SLUG: 5-51400 Economics of E-Mail DATE: NOTE NUMBER:

DATE=4/1-/02

TYPE=BACKGROUND REPORT

TITLE=THE ECONOMICS OF E-MAIL

NUMBER=5-51400

BYLINE=LINDA CASHDAN

DATELINE=WASHINGTON

CONTENT=

VOICED AT:

INTRO: Free E-mail may soon transform itself into "Fee E-mail." Linda Cashdan reports several major Internet portals like Yahoo and Hotmail, which have long subsidized E-mail for consumers, are now planning to charge annually.

TEXT: E-mail is a lot like telephone service in that the value of the technology increases as more and more people get it.

Syracuse University Information Studies professor Rolf Wigand says offering E-mail for free prompted hundreds of people to try it, which then caused thousands of their friends and acquaintances to join in.
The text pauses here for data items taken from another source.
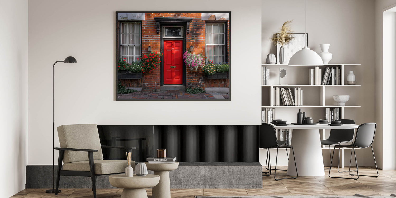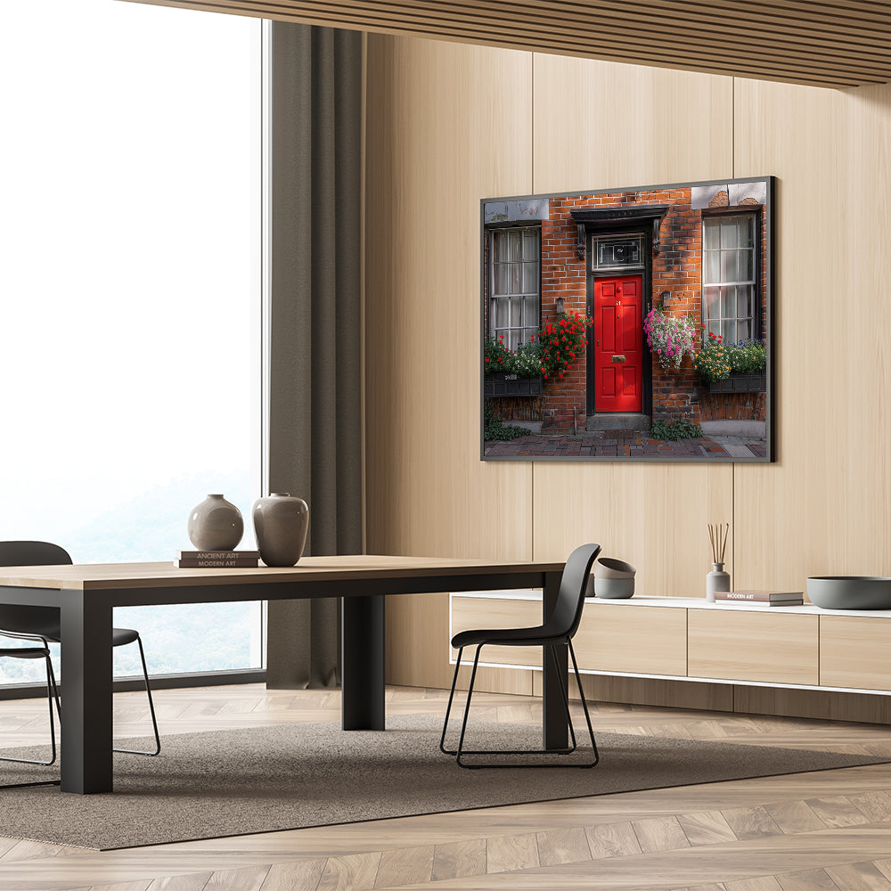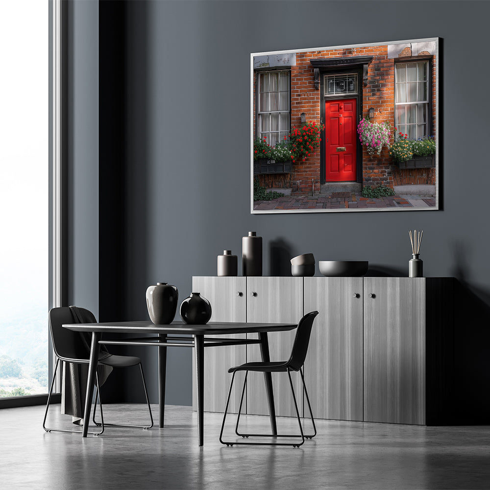 This "Red Door Wall Art" is ideal for adding a pop of color and a touch of classic charm to your living room, hallway, or office. It’s a perfect piece for those who love the timeless appeal of red doors and brick architecture.
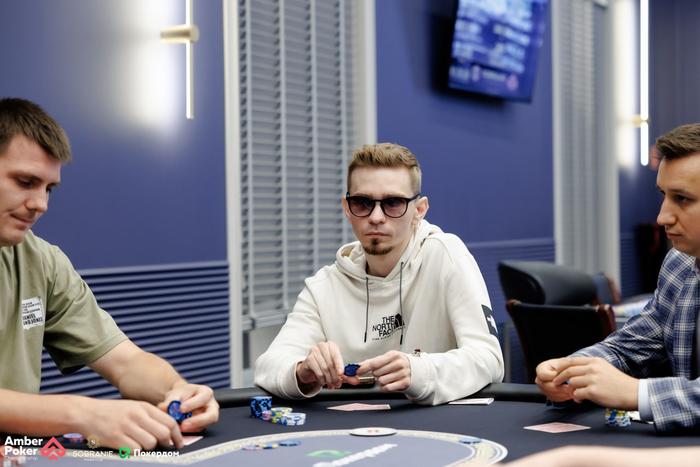 Евгений открыл и выиграл раздачу, у Михаила были .
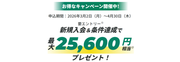 新規入会&条件達成でVポイントが最大25,600ポイントもらえます。
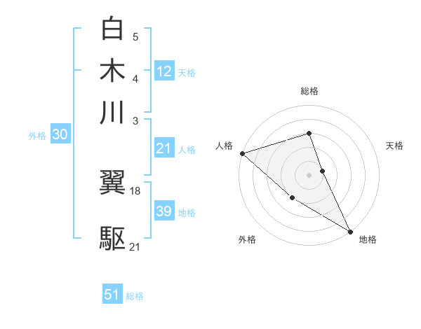 白木川 翼駆さんを姓名の画数から五運を鑑定
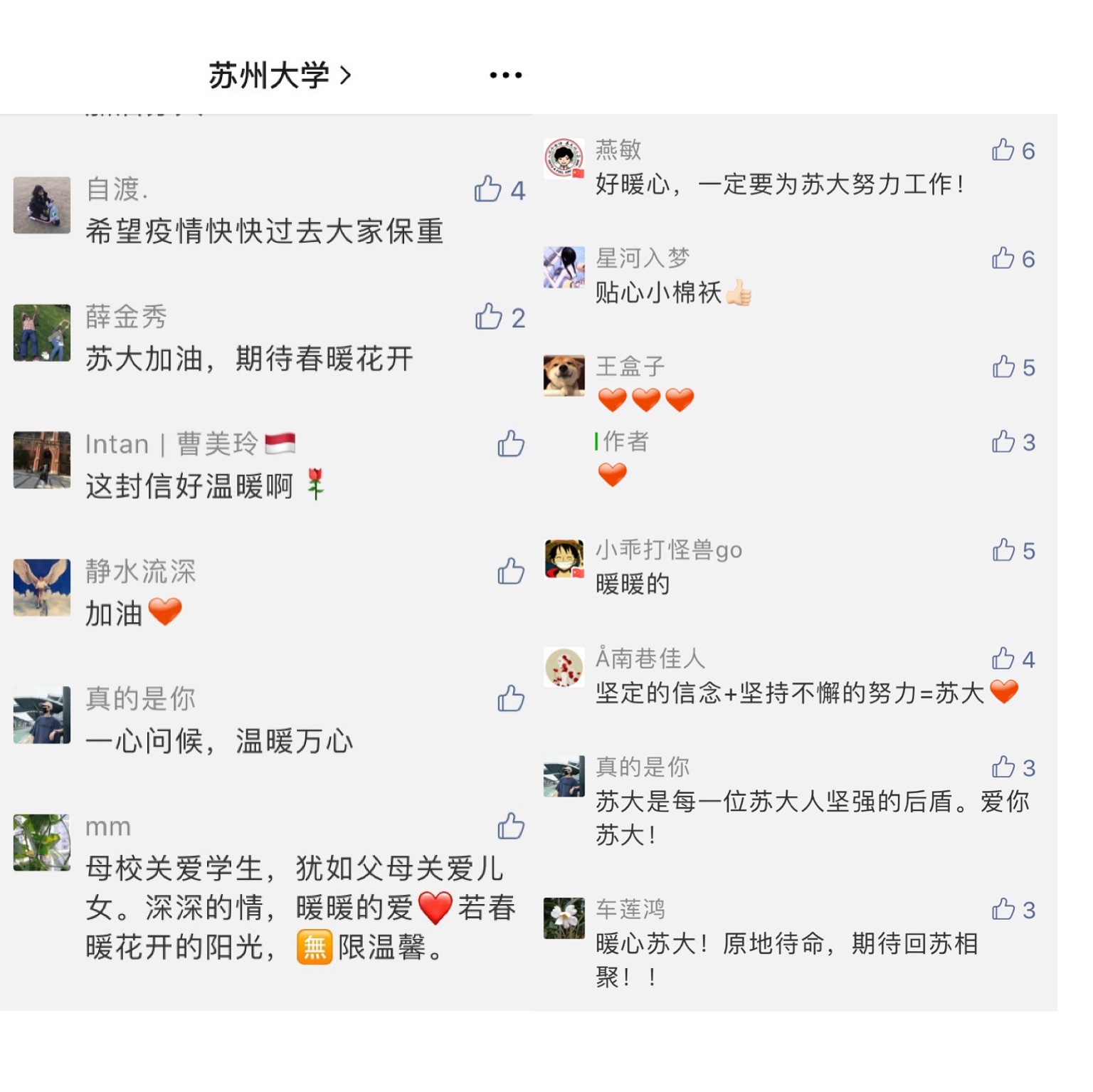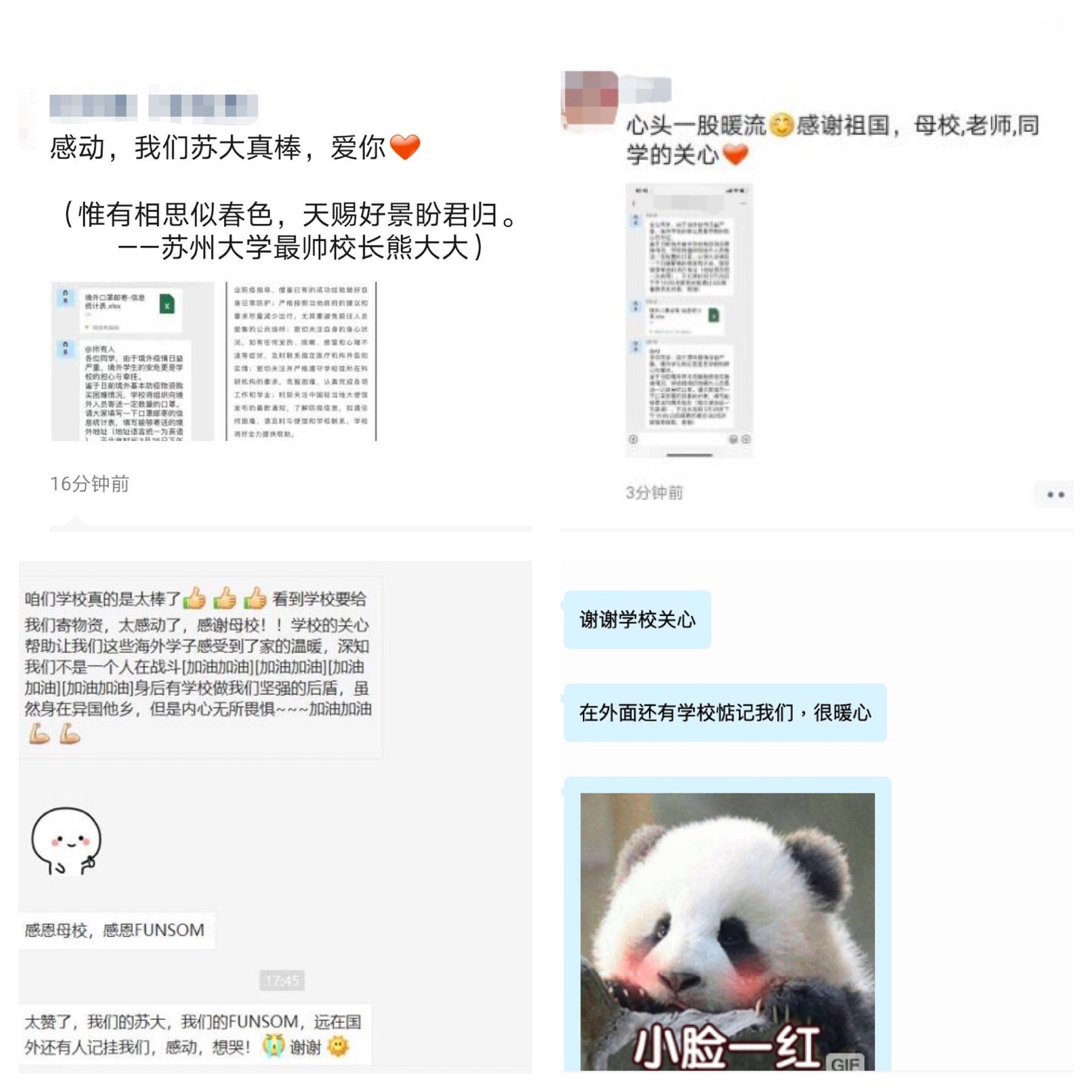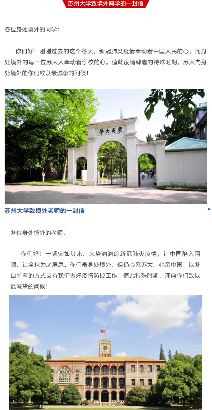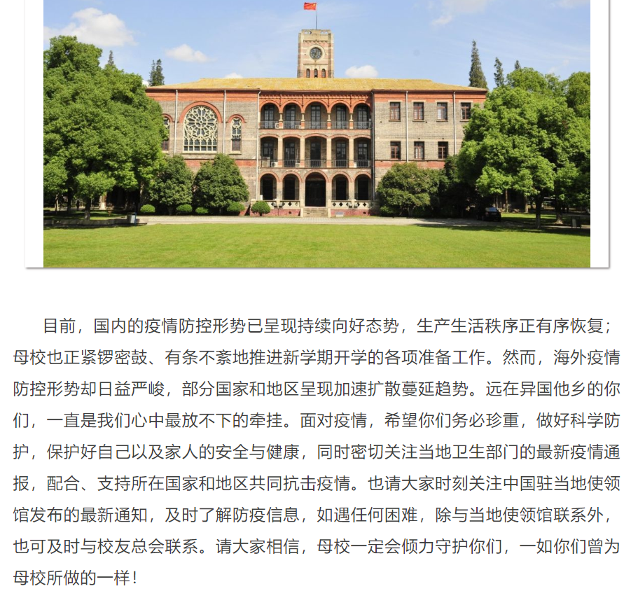 “新冠肺炎疫情牵动着中国人民的心,而身处境外的每一位8868体育(中国)官方网站人牵动着学校的心。值此疫情肆虐的特殊时期,8868体育(中国)官方网站向身处境外的你们致以最诚挚的问候!”“惟有相思似春色,东吴好景盼君归。无论你们身处何方,学校永远是大家最坚强的后盾。”

He says today millions of consumers, himself included, feel they can not live without E-mail.

/// WIGAND ACT ///

I think any time you give consumers a chance to try something at no cost, little risk, it's certainly a factor why a particular practice may take off. Today if my boss told me we had to cut costs, I would say take my phone, but do not take my E-mail. It has become so crucial in terms of what I get done.

/// END ACT ///

But as E-mail has multiplied in popularity, Rolf Wigand says, the costs of providing it have multiplied too.

/// WIGAND ACT ///

A few years ago Microsoft bought Hotmail. At that time, Hotmail had eight-point-five-million customers. Today Hotmail has 110-million customers, and industry analysts think it costs Microsoft roughly a dollar a year to maintain each account, so just to maintain the account we are talking about 110-million dollars.

/// END ACT ///

Communications technology specialist David Ferris says Internet service providers first tried coming up with the money through advertising, then by charging for other services. Neither tactic has worked.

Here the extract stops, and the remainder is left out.